I would NEVER consider 10 for anything other than a production environment where the speed of 0 is required (since I would NEVER use 0 without 1) - certainly not a large scale storage system, and most certainly not one that holds non-valuable, easily replaceable material such as media rips.    Like I said, you will NEVER see the speed benefits of 0 on a NAS, so there's absolutely no point in using it or any level that uses it.  As far as a rebuild being more demanding, I don't really think that's the case.  You still have to read every bit from the mirror just like you have to read every bit from the remaining drives in a RAID 6.  The speed at wich that happens depends solely on the XOR engine.  A better RPU does the parity calculations faster - which spells the difference between a rebuild taking 6 hours or 5 days.  Yes there is a n-times chance of another drive failure in that time (n= # of remaining drives), and then a 10^14 or 10^15 chance of a URE in a RAID 6.  But that's still less of a chance than the other mirror failing and blowing the whole array.



> I've seen many switching from RAID 6 to 10 for this exact reason...however that is a subject not related to the thread and it depends on what you expect from your RAID.
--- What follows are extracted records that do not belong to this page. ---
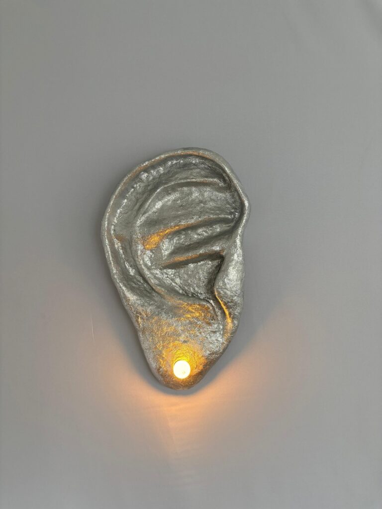 The irregular texture of papier-mâché, visible on the surfaces, reinforces the handcrafted character and gives the sculptures a tactile quality that contrasts with the shine of enamelled paints. Another notable work is a silver ear with illuminated golden details, mounted on the wall like a contemporary reliquary. The piece transforms an organ of perception into an object of contemplation, inverting the function of hearing into something to be seen and admired.
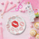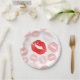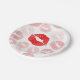 Esta placa de papel divertida apresenta vários impressões de batom vermelho em um fundo branco.
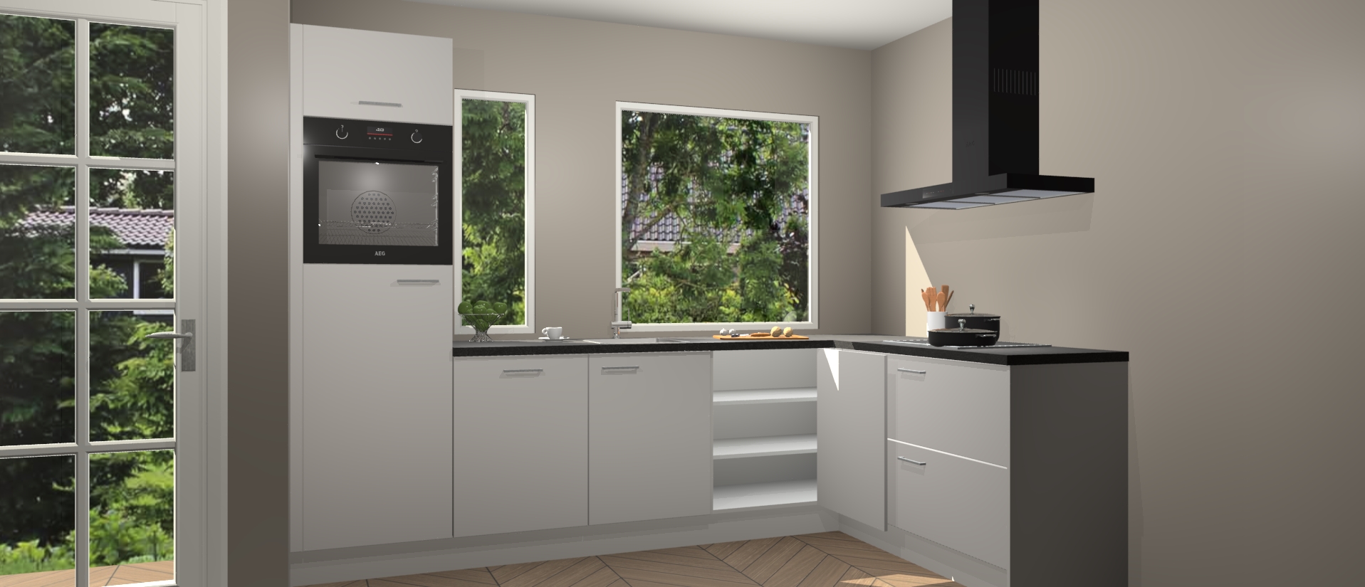 Deze complete keuken wordt geleverd met 5 inbouwapparaten: een oven, inductiekookplaat, afzuigkap, vaatwasser en koelkast. De toestellen kunnen na bestelling ook gemakkelijk worden opgewaardeerd naar AEG. Bovendien is elke deur in deze keuken voorzien van handige softclose technologie voor eenvoudig gebruik! Als een leuke toevoeging zit in deze keuken ook een carrousel, zo hoef je niet meer de hoek in duiken om iets te pakken.

Sorry but I don't believe that for a second.  Once again, there is absolutely no point to using 10 in these situations, much less any that could be any sort of "advantage" over 6..  Might as well just use 1 and completely avoid the risks of striping.


----------



## slim142 (Feb 20, 2018)

I truly enjoyed the reading. Guys, this is for a home-server purposes. I will be storing movies and a backup of all of my data. For company purposes, I would probably consider more options, but for now, RAID 5 will do.

I have decided to go for Synology. I will eat the extra cost, but hopefully it works as expected.


----------